Assignment ->
Nothing but the lines below from the one that contains "In diesem Workshop" through the one that contains "22.5cm-26cm│UGG Disco Marble" should be retyped, exactly and including both ends. Do not include pictures.

Source material Start Marker

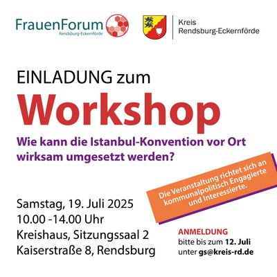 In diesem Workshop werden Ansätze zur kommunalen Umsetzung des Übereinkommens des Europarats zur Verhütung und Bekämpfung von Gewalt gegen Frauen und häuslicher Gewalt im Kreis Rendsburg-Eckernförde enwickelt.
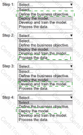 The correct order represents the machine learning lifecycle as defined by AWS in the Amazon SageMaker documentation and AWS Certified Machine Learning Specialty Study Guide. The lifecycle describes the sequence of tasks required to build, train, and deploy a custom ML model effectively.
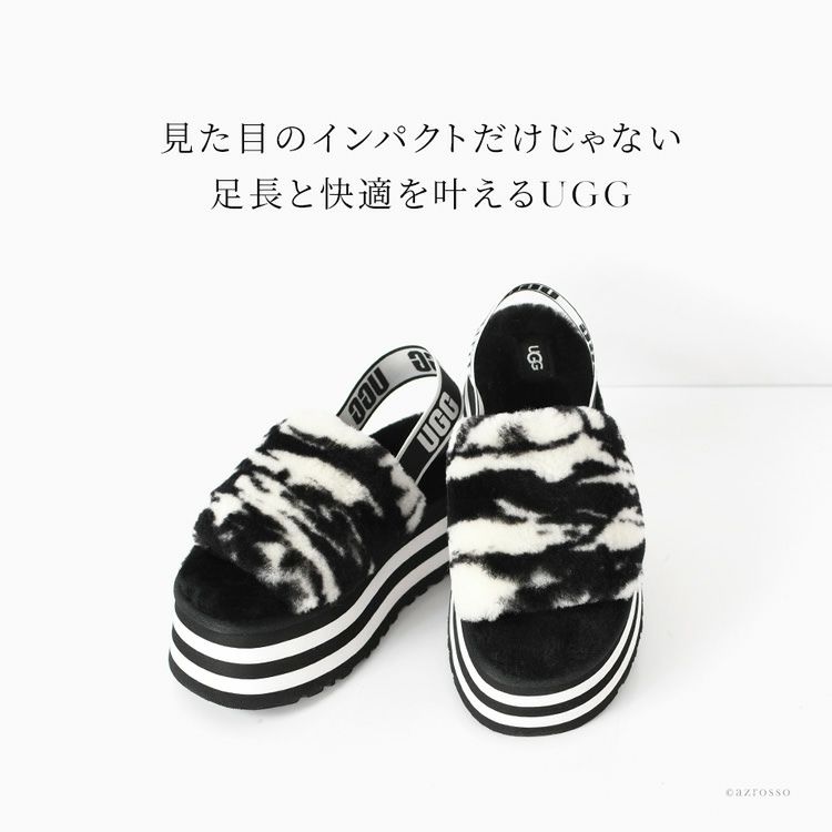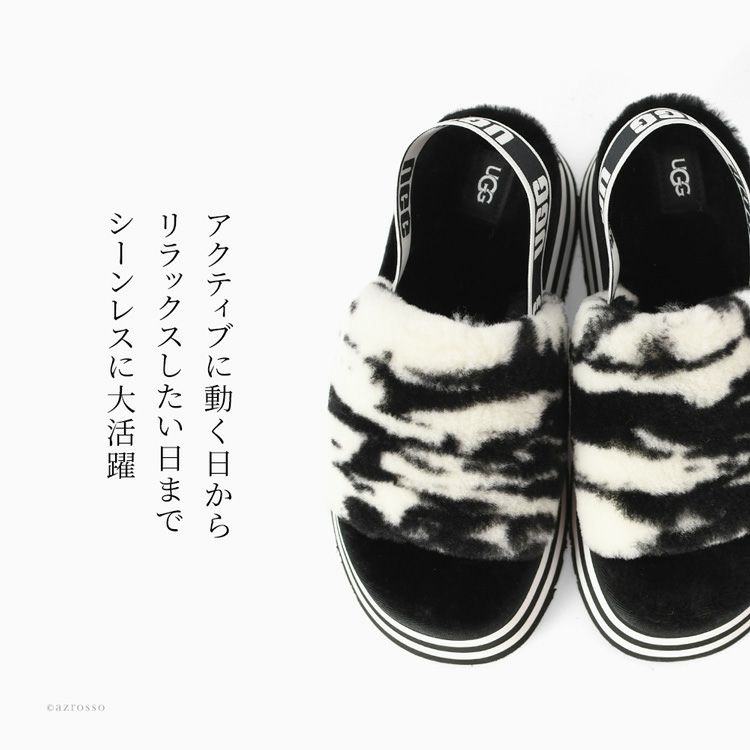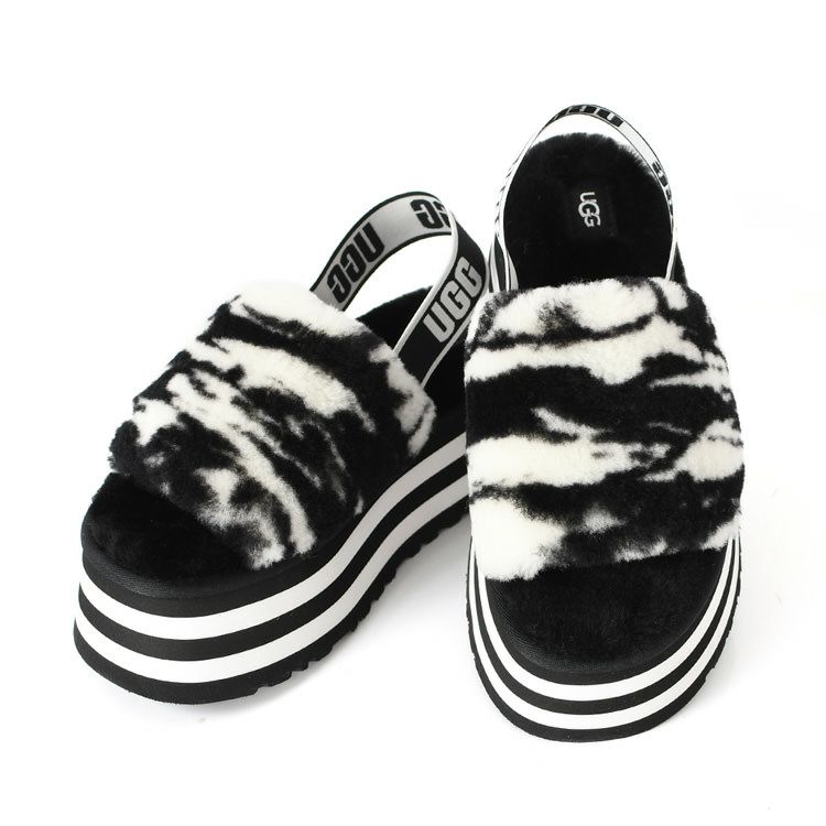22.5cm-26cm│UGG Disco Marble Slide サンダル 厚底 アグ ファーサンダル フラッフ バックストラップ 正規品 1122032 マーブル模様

Source material End Marker
Source material Start Marker

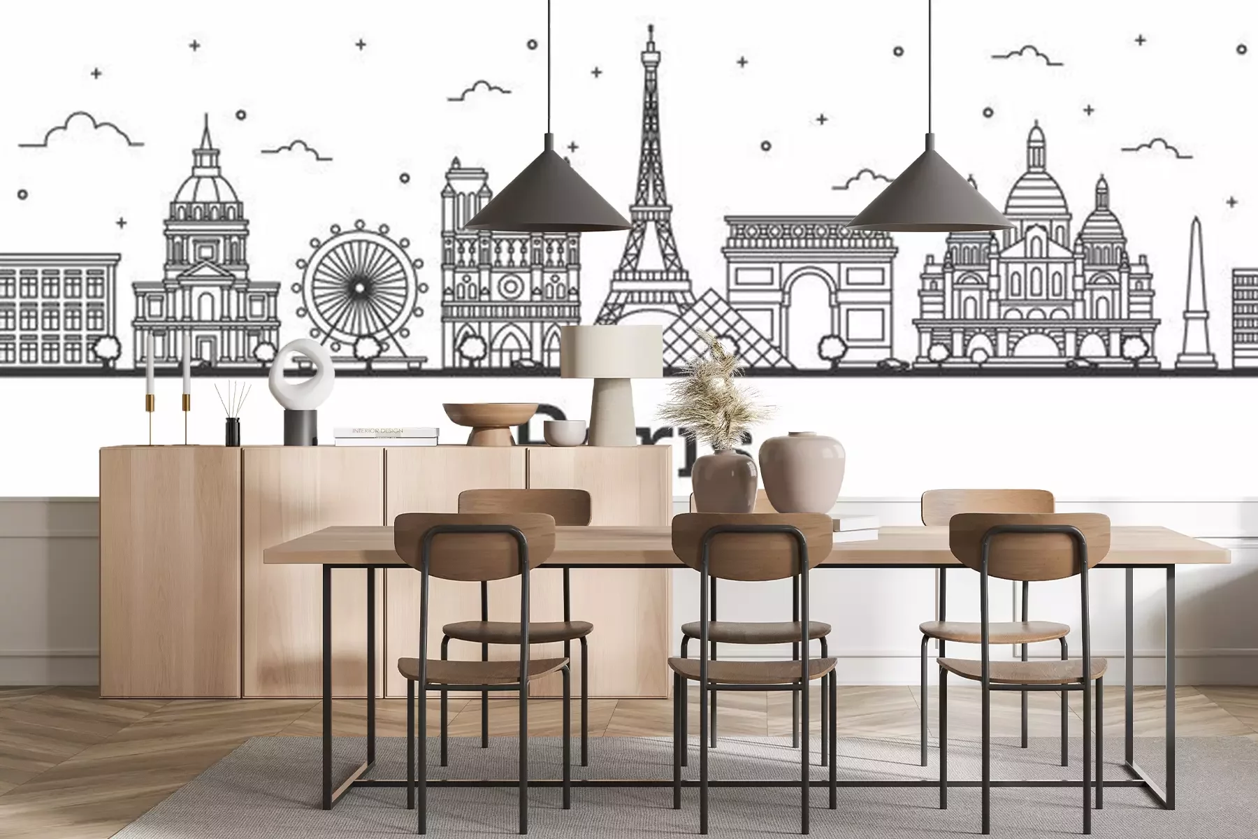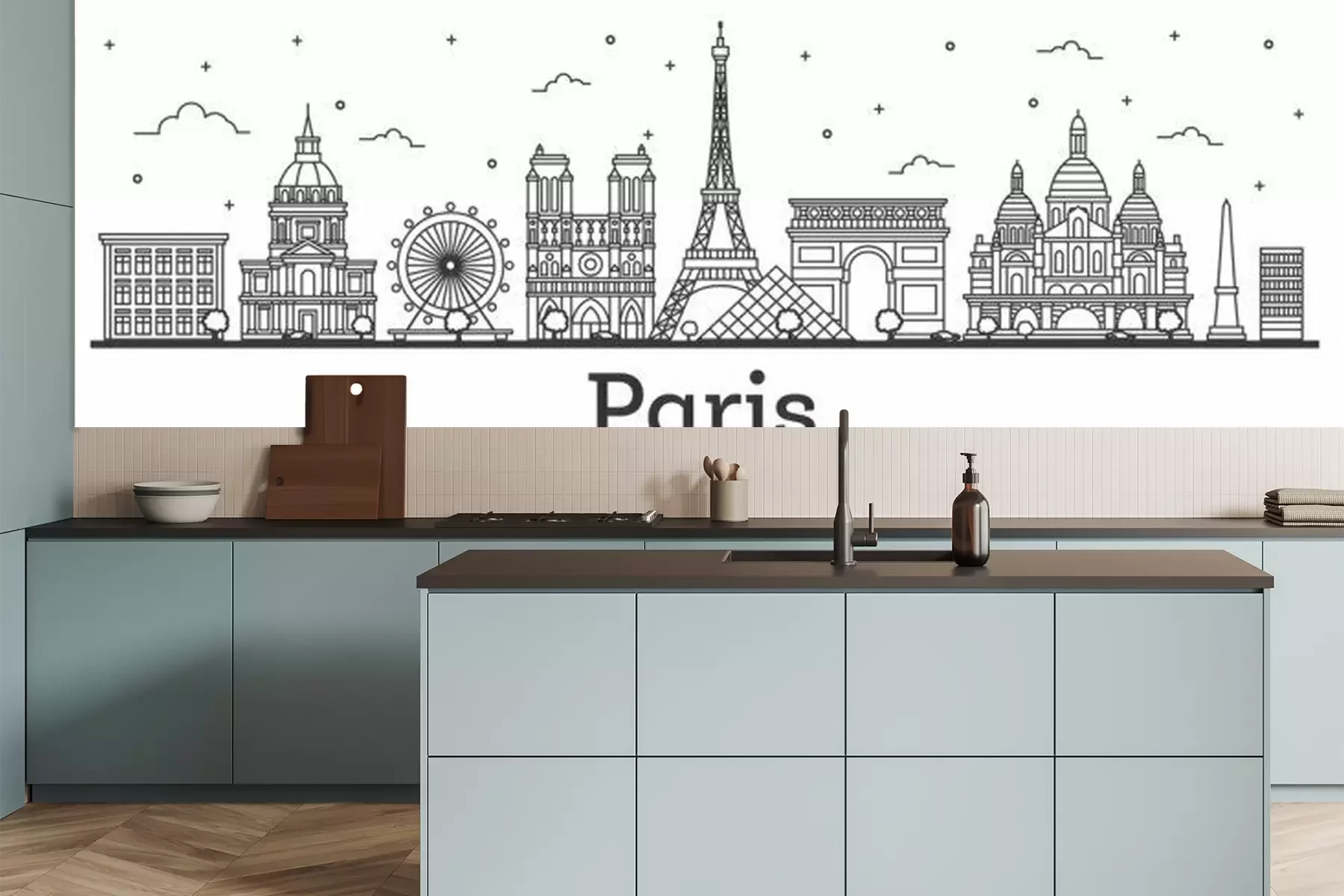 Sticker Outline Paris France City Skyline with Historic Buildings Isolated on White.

Source material End Marker

Output ->
 In diesem Workshop werden Ansätze zur kommunalen Umsetzung des Übereinkommens des Europarats zur Verhütung und Bekämpfung von Gewalt gegen Frauen und häuslicher Gewalt im Kreis Rendsburg-Eckernförde enwickelt.
 The correct order represents the machine learning lifecycle as defined by AWS in the Amazon SageMaker documentation and AWS Certified Machine Learning Specialty Study Guide. The lifecycle describes the sequence of tasks required to build, train, and deploy a custom ML model effectively.
22.5cm-26cm│UGG Disco Marble Slide サンダル 厚底 アグ ファーサンダル フラッフ バックストラップ 正規品 1122032 マーブル模様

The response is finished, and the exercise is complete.